In 1930, with Norm Forester, Moar was assigned to spray Stanley Park, Vancouver, British Columbia, to destroy a caterpillar infestation. That summer, he flew across Canada's unmapped north to deliver a spare aircraft engine to Walter Gilbert, who was pilot for the Major L.T. Burwash expedition. Gilbert was waiting at Coppermine for the repairs to Fokker Super Universal G-CASK, which had been left on the Arctic coast the previous year when the MacAlpine party had to abandon their aircraft due to lack of fuel.

An Inaugural Flight

When Western Canada Airways instituted the night airmail service across the prairie provinces, Moar piloted the inaugural eastbound flight through Lethbridge, Alberta, and remained with the operation until it was cancelled by the government in 1932. Gold was then revalued and a major mining boom in Canada's north strained the facilities of Western Canada Airways, which through a merger, became Canadian Airways. He was appointed flying Traffic Manager of this new company.

New Company: Wings Limited

In 1934 Moar and F. Roy Brown and two fellow pilots formed Wings Limited, an air-freighting company with headquarters at Winnipeg, Manitoba. By freeze-up, they had ten aircraft at work. One of the first junior pilots he hired was H.W. Seagrim. To put the Berens River gold mines into production, they flew the components for an entire sawmill, mining plant and hydro-electric plant across 200 miles (320 km) of wilderness, about half way up the east side of Lake Winnipeg. In 1936 he and air engineer J. McGinnis flew to the Barren Lands, and set up operations at Eskimo Point, 500 miles (805 km) from the nearest supporting aircraft and beyond radio range. From ports on the west coast of Hudson Bay, Moar transported freight and passengers to inland Hudson's Bay Company posts and other settlements, and brought out furs, for two successful seasons.

Skylines Express Limited

In 1937, with several other pilots, he formed Skylines Express Limited, and hired H. Hollick-Kenyon and T.F. Williams as pilots. The company scheduled air service between Toronto, Ontario, and Winnipeg, to service mining communities, but the Canadian government removed their operating licence to pave the way for Trans-Canada Airlines.

Flying in the North

Moar went to Edmonton, Alberta, in 1938 when he was hired as Operations Manager of Yukon Southern Air Transport by Grant McConachie. That summer he helped the Department of Transport select landing fields between Fort St. John, British Columbia, and Whitehorse, Yukon. These sites would later become the Northwest Staging Route, so valuable to the Allies during WW II.

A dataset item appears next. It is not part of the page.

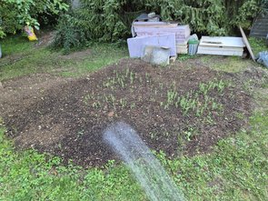 Mama hatte schon vorbereitend Lärchennadeln etc. raus, dann nochmal eine ganze Reihe Schubkarren eingeschaufelt und in den Lichtgraben geschüttet. Langsam wirds viel. Aber sollt sich genau ausgehen, dass es nicht zu viel wird. Morgen noch eine Runde, dann ist das Thema durch. Und die Lärche kann wieder voll Wasser aus dem ganzen Wurzelbereich schöpfen und der Lichtgraben ist bereit für die Absturzsicherung.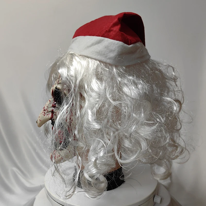 Scary Terrifier 3 Cosplay Mask Latex with Christmas Hat White Hair Soft Joker Terrifier Masks Clown Party Masks Adult One Size

Moar flew many mercy flights in the north. A particularly difficult one was when a critically-ill patient at Cameron Bay, on Great Bear Lake, required immediate hospitalization during the spring break-up. It was not safe to fly aircraft on skis or floats, but the mining crew blasted a channel through the ice with dynamite and Moar flew the man to Yellowknife, Northwest Territories, safely.

During World War II, Moar joined Aircraft Repair Limited at Edmonton, working with Harry Hayter to maintain Canada's military aircraft. In 1942, when Northwest Airlines designed their Edmonton to Fairbanks, Alaska route, it was Moar's aeronautical skills they sought to guide the inaugural flight.

At war's end he returned to flying the Mackenzie River route until 1949, when he retired after logging over 10,000 hours in the cruelest of geographic areas. Moar died in Victoria, British Columbia, on April 26, 1977.

In 1970 Jack Moar proposed that a large number of emergency landing strips be built in the Northwest Territories, equipped with cabins and emergency supplies. He felt that these could have been built for what is spent each year for search and rescue missions.

Jack Moar was inducted as a Member of Canada's Aviation Hall of Fame in 1974 at a ceremony held at Edmonton, Alberta.